• Task item: Word for word, restate the lines from the top of the records below through the line with "Perform Dijkstra’s on", both included, with no pictures in the result.

• Exercise data:

════

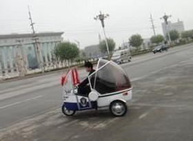 这种车上路是否安全?对于这一疑问,他说,转弯的时候最好开20码,只要开慢点,一般不会翻车。
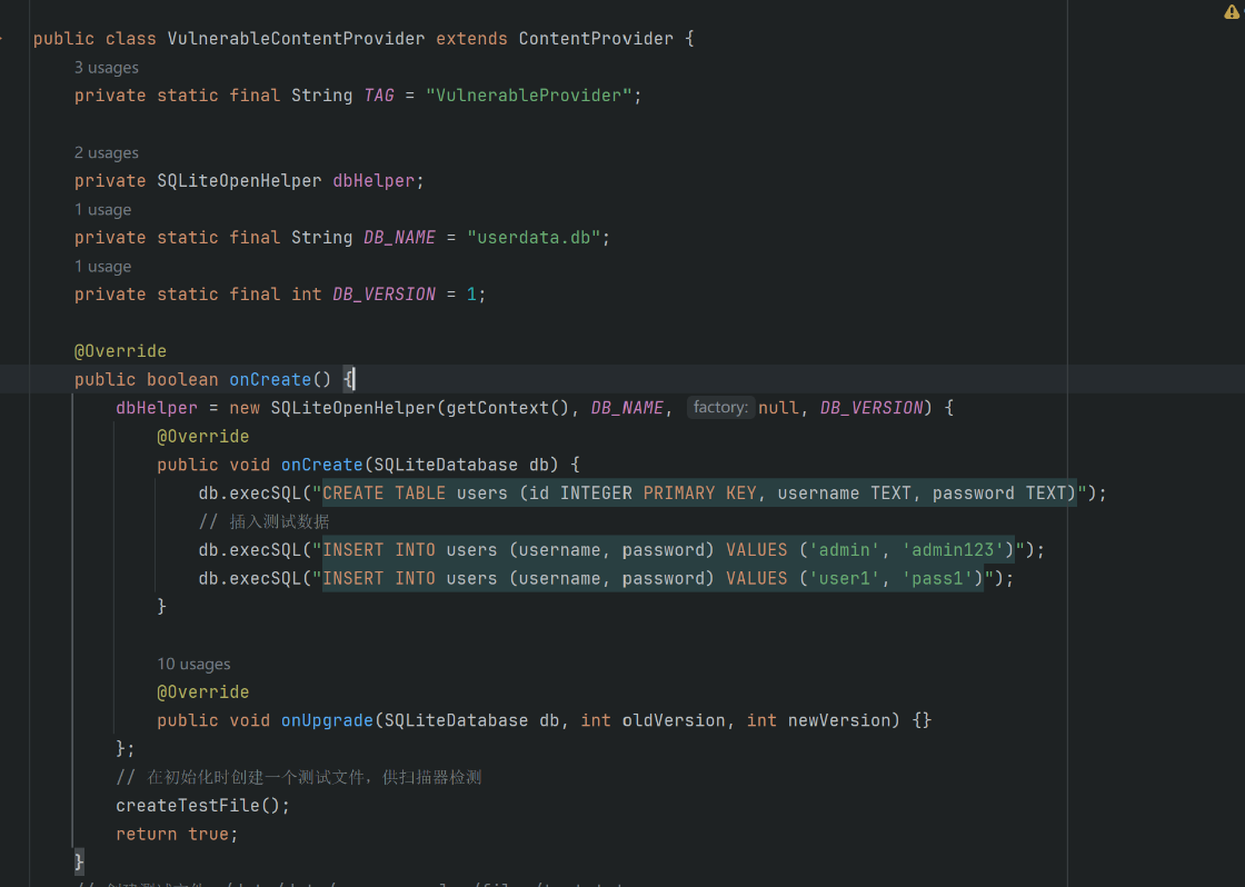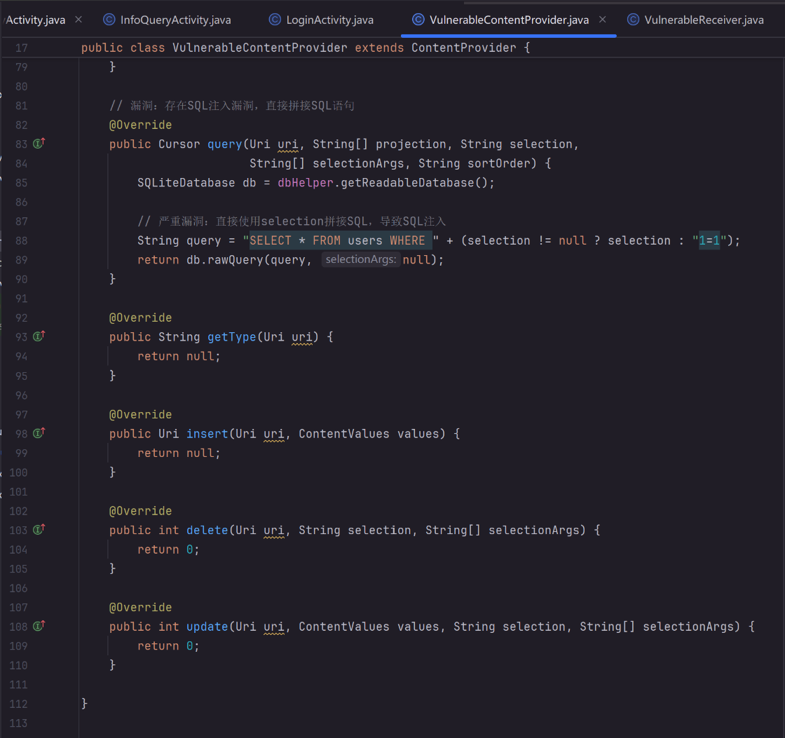 Content Provider 在处理查询时直接拼接 SQL 语句,未使用参数化查询,导致 SQL 注入。
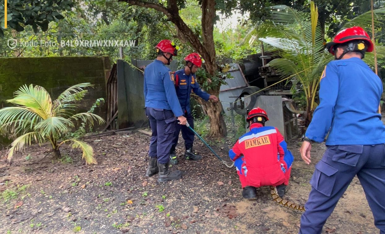MARTAPURA, InfoPublik - Petugas Dinas Pemadam Kebakaran dan Penyelamatan (DPKP) Kabupaten Banjar Sektor Gambut berhasil menangkap ular phyton/sanca batik berukuran ± 3 meter, di Jalan Irigasi Gang Mutiara Indah RT 7 RW 3 Kelurahan Bincau, Rabu (7/1/2026) pukul 7:26 wita.
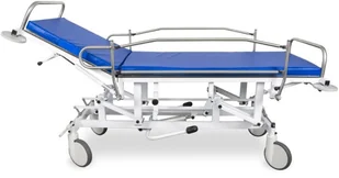 Prowadzenie i manewrowanie wózkiem ułatwiają uchwyty ze stali nierdzewnej na szczytach wózka oraz w standardzie system dużych kół kierunkowych o średnicy 125 mm z możliwością zablokowania kierunku jazdy 2 kół (blokada skrętu) oraz możliwością blokady jazdy 2 kół (hamulec postojowy). W opcjach wyposażenia dodatkowego wózek może być wyposażony w system kół 125 mm lub 200 mm z centralną blokadą. Wózek posiada też miękkie odboje zamontowane w narożnikach wózka. Charakterystyka i zalety wózka do transportu pacjentów JWZ 02 hydrauliczna regulacja wysokości leża przyciskami nożnymi w zakresie 51-95 cm 2 częściowe leże o wymiarach 194 x 63 cm z płyty HPL przeziernej dla promieni RTG długa sekcja zagłówka - 63 cm pneumatyczna regulacja kąta nachylenia zagłówka w zakresie -25 do +60 pneumatyczna regulacja kąta nachylenia leża w zakresie -10 do 0 do pozycji Trendelenburga wymienny materac z uchwytami do przenoszenia pacjenta na materacu atestowana tapicerka materaca w wielu kolorach do wyboru wypełnienie materaca elastyczną pianką poliuretanową składane poniżej leża barierki boczne ze stali nierdzewnej uchwyty szczytowe ze stali nierdzewnej do prowadzenia wózka maksymalne obciążenie do 250 kg solidna i stabilna rama stalowa lakierowana proszkowo krążki odbojowe w narożach wózka system kół kierunkowych z blokadami jazdy i skrętu (centralna blokada kół w opcji dodatkowej) dostępne dodatkowe wyposażenie (m. in. kosz na butlę z tlenem, wysięgnik kroplówki) certyfikowany wyrób medyczny darmowa dostawa pod adres budynku na terenie Polski (przesyłka paletowa) - zobacz: warunki realizacji darmowej dostawy darmowa usługa Raben ADV (telefoniczne awizo o planowanej godzinie dostawy) - zobacz:
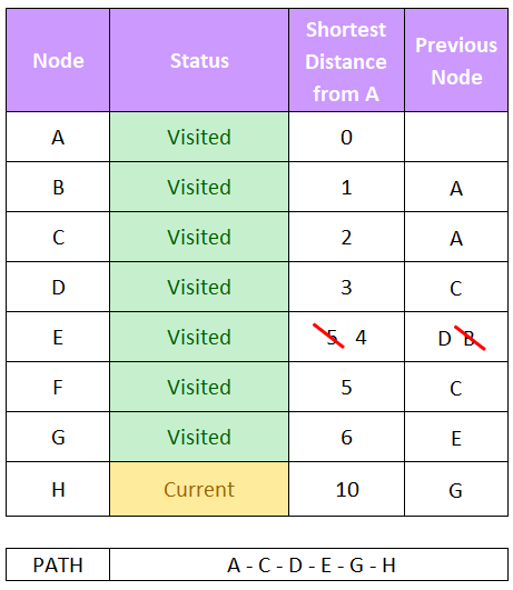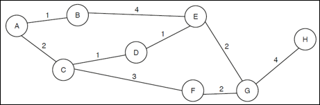 Perform Dijkstra’s on the following graph to find the shortest path between A and H
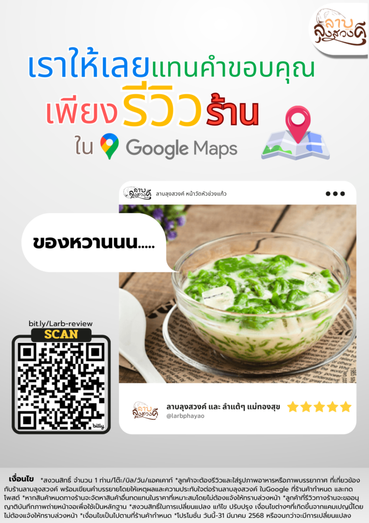 เมื่อลูกค้าที่มาใช้บริการและรีวิว “ลาบลุงสวงค์” บน Google รับฟรี เมนู ของหวาน 1 ถ้วย
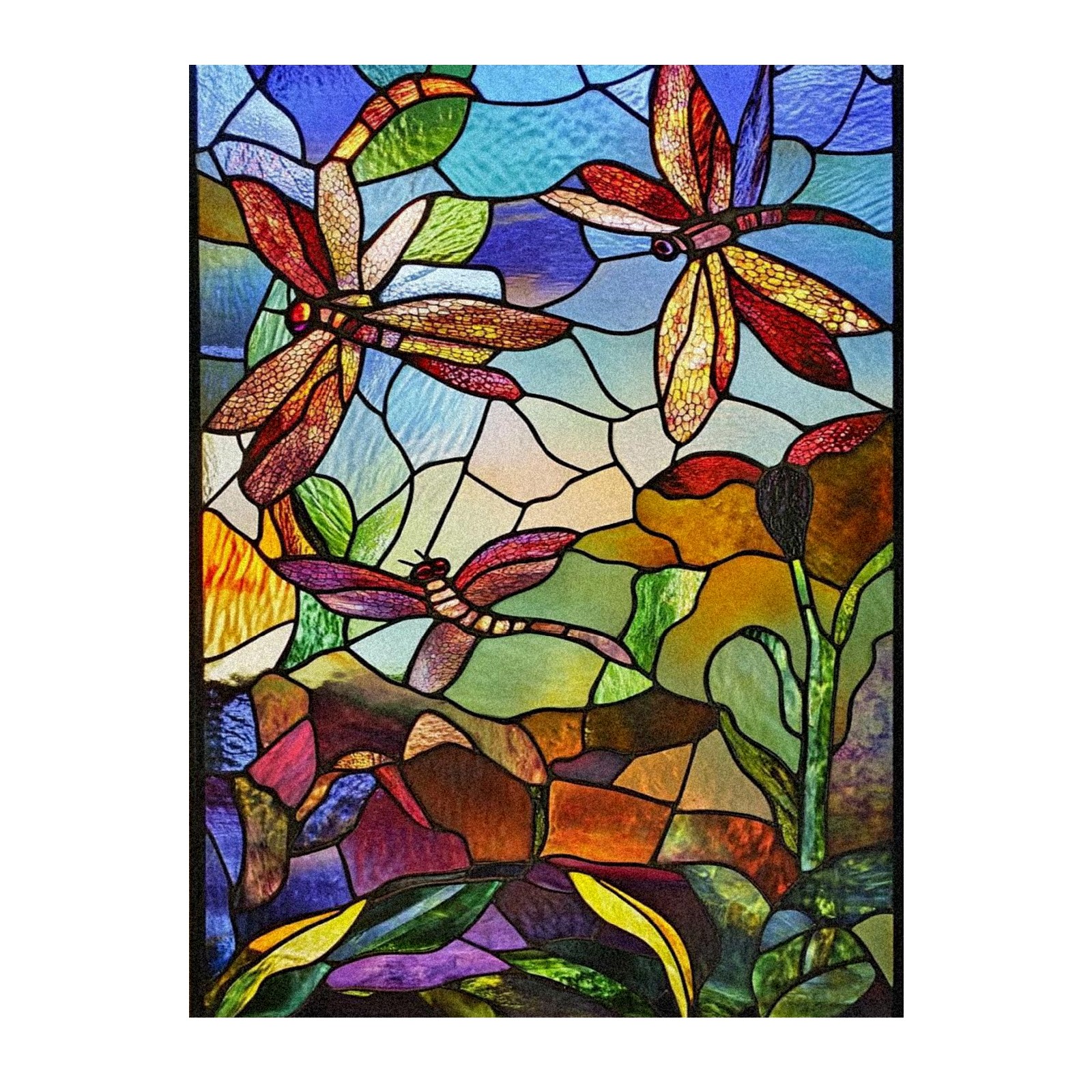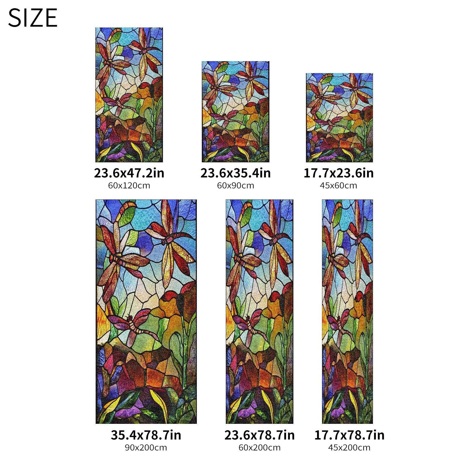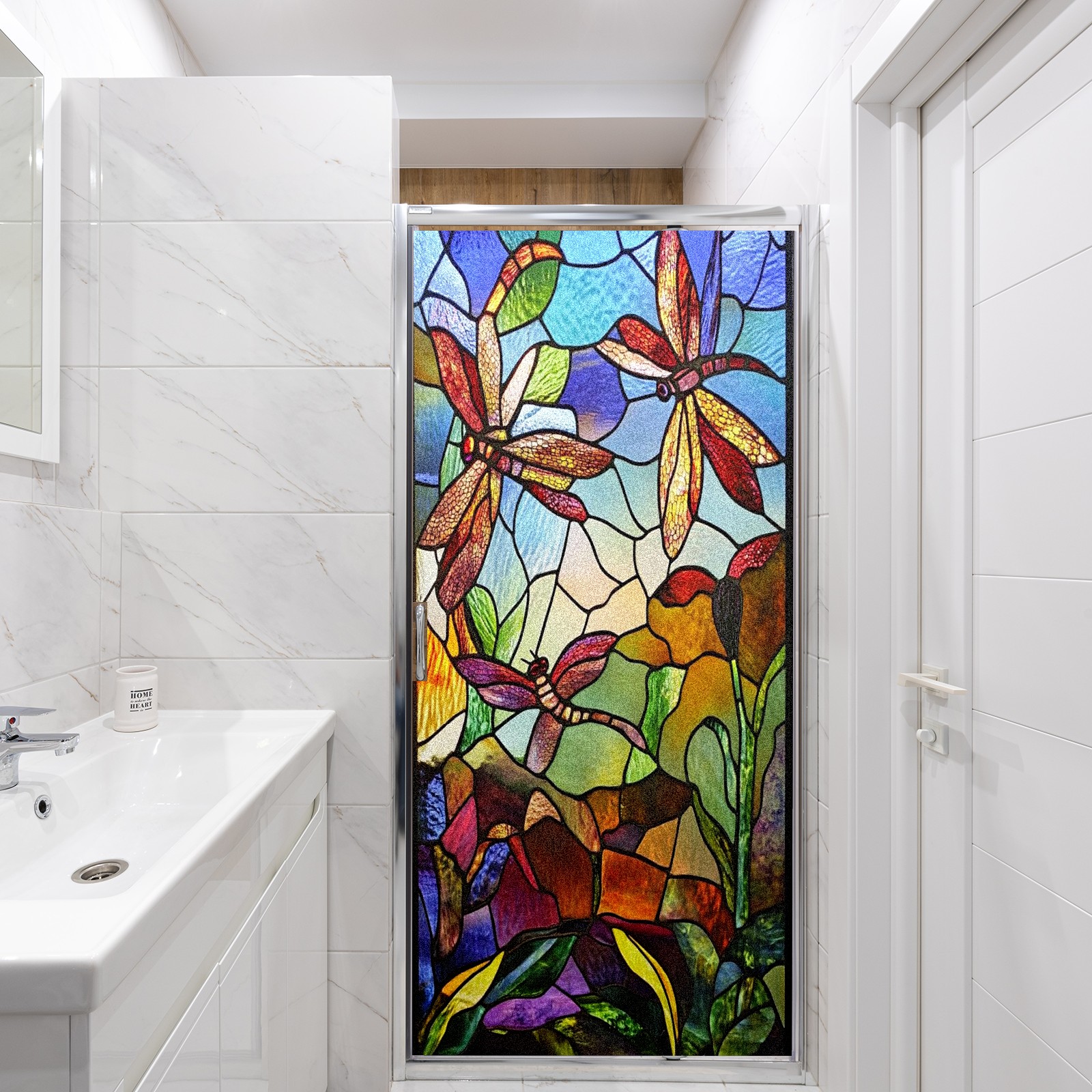 Window Privacy Film Frosted Stained Glass Film Decorative Static Cling for Bathroom Home Office Peel and Stick Window Film Vintage Colorful Dragonfly(17.7x23.6in)
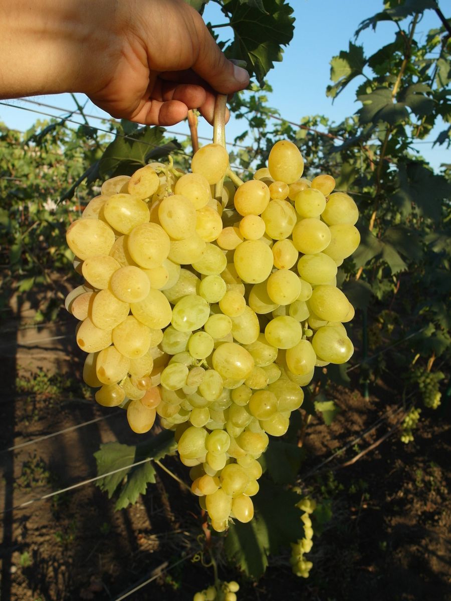Ягоды винограда Супер Экстра удлиненные, крупные светло-золотистого цвета.

════

• Exercise solution:
 这种车上路是否安全?对于这一疑问,他说,转弯的时候最好开20码,只要开慢点,一般不会翻车。
 Content Provider 在处理查询时直接拼接 SQL 语句,未使用参数化查询,导致 SQL 注入。
MARTAPURA, InfoPublik - Petugas Dinas Pemadam Kebakaran dan Penyelamatan (DPKP) Kabupaten Banjar Sektor Gambut berhasil menangkap ular phyton/sanca batik berukuran ± 3 meter, di Jalan Irigasi Gang Mutiara Indah RT 7 RW 3 Kelurahan Bincau, Rabu (7/1/2026) pukul 7:26 wita.
 Prowadzenie i manewrowanie wózkiem ułatwiają uchwyty ze stali nierdzewnej na szczytach wózka oraz w standardzie system dużych kół kierunkowych o średnicy 125 mm z możliwością zablokowania kierunku jazdy 2 kół (blokada skrętu) oraz możliwością blokady jazdy 2 kół (hamulec postojowy). W opcjach wyposażenia dodatkowego wózek może być wyposażony w system kół 125 mm lub 200 mm z centralną blokadą. Wózek posiada też miękkie odboje zamontowane w narożnikach wózka. Charakterystyka i zalety wózka do transportu pacjentów JWZ 02 hydrauliczna regulacja wysokości leża przyciskami nożnymi w zakresie 51-95 cm 2 częściowe leże o wymiarach 194 x 63 cm z płyty HPL przeziernej dla promieni RTG długa sekcja zagłówka - 63 cm pneumatyczna regulacja kąta nachylenia zagłówka w zakresie -25 do +60 pneumatyczna regulacja kąta nachylenia leża w zakresie -10 do 0 do pozycji Trendelenburga wymienny materac z uchwytami do przenoszenia pacjenta na materacu atestowana tapicerka materaca w wielu kolorach do wyboru wypełnienie materaca elastyczną pianką poliuretanową składane poniżej leża barierki boczne ze stali nierdzewnej uchwyty szczytowe ze stali nierdzewnej do prowadzenia wózka maksymalne obciążenie do 250 kg solidna i stabilna rama stalowa lakierowana proszkowo krążki odbojowe w narożach wózka system kół kierunkowych z blokadami jazdy i skrętu (centralna blokada kół w opcji dodatkowej) dostępne dodatkowe wyposażenie (m. in. kosz na butlę z tlenem, wysięgnik kroplówki) certyfikowany wyrób medyczny darmowa dostawa pod adres budynku na terenie Polski (przesyłka paletowa) - zobacz: warunki realizacji darmowej dostawy darmowa usługa Raben ADV (telefoniczne awizo o planowanej godzinie dostawy) - zobacz:
 Perform Dijkstra’s on the following graph to find the shortest path between A and H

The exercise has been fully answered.